There is considerable debate over how visual speech is processed in the absence of sound and whether neural activity supporting lipreading occurs in visual brain areas. Much of the ambiguity stems from a lack of behavioral grounding and neurophysiological analyses that cannot disentangle high-level linguistic and phonetic/energetic contributions from visual speech. To address this, we recorded EEG from human observers as they watched silent videos, half of which were novel and half of which were previously rehearsed with the accompanying audio. We modeled how the EEG responses to novel and rehearsed silent speech reflected the processing of low-level visual features (motion, lip movements) and a higher-level categorical representation of linguistic units, known as visemes. The ability of these visemes to account for the EEG - beyond the motion and lip movements - was significantly enhanced for rehearsed videos in a way that correlated with participants' trial-by-trial ability to lipread that speech. Source localization of viseme processing showed clear contributions from visual cortex, with no strong evidence for the involvement of auditory areas.
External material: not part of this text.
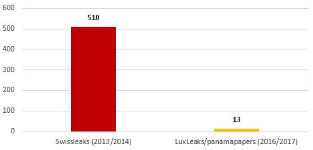 De aanpak op het terrein werd eveneens hertekend in de vorige legislatuur. Nieuw was dat de BBI ook werd ingeschakeld voor de controle van verrekenprijzen van multinationals met een link naar belastingparadijzen. Zo werd in 2013 een controleactie opgezet om bedrijven die Belgische patenten of merken op die manier ontdoken, te ontmaskeren. In minder dan een jaar recupereerde de BBI ruim 250 miljoen euro.22 Nog op het terrein leverde de afhandeling van de zogenoemde SwissLeaks tijdens de vorige legislatuur meer dan 500 miljoen euro op23, terwijl de afhandeling van de grote leaks van deze legislatuur (LuxLeaks en Panama Papers) volgens de cijfers van de minister zelf niet veel meer dan 10 miljoen euro opleverde (Figuur 4). De onderzoeken naar LuxLeaks gaven aanleiding tot 2,7 miljoen euro aan gevestigde inkomstenbelastingen.24 Wat de onderzoeken naar de Panama Papers betreft, staat de teller op 10 miljoen euro.25

We interpret this as support for the idea that the visual system produces its own specialized representation of speech that is (1) well-described by categorical linguistic features, (2) dissociable from lip movements, and (3) predictive of lipreading ability. We also suggest a reinterpretation of previous findings of auditory cortical activation during silent speech that is consistent with hierarchical accounts of visual and audiovisual speech perception.
关于在没有声音的情况下视觉语音是如何被处理的,以及支持唇读的神经活动是否发生在视觉大脑区域,存在相当大的争议。这种模糊性很大程度上源于缺乏行为基础和神经生理学分析,这些分析无法将视觉语音的高级语言和语音/能量贡献与低级视觉特征区分开来。为了解决这个问题,我们在人类观察者观看无声视频时记录了他们的 EEG,其中一半是新的,一半是之前伴随着音频进行排练的。我们构建了模型,以了解 EEG 对新的和排练的无声语音的反应如何反映低水平视觉特征(运动、嘴唇运动)和语言单位的更高层次的类别表示,即视位。这些视位除了运动和嘴唇运动之外,对排练视频的解释能力显著增强,这种增强与参与者逐次进行唇读的能力相关。视位处理的源定位显示出视觉皮层的明显贡献,没有强有力的证据表明听觉区域的参与。我们将这解释为支持以下观点的证据,即视觉系统产生自己的专门的语音表示,(1)可以用类别化的语言特征很好地描述,(2)与嘴唇运动分离,(3)可以预测唇读能力。我们还建议重新解释先前在无声语音期间听觉皮层激活的发现,这与视觉和视听语音感知的分层解释一致。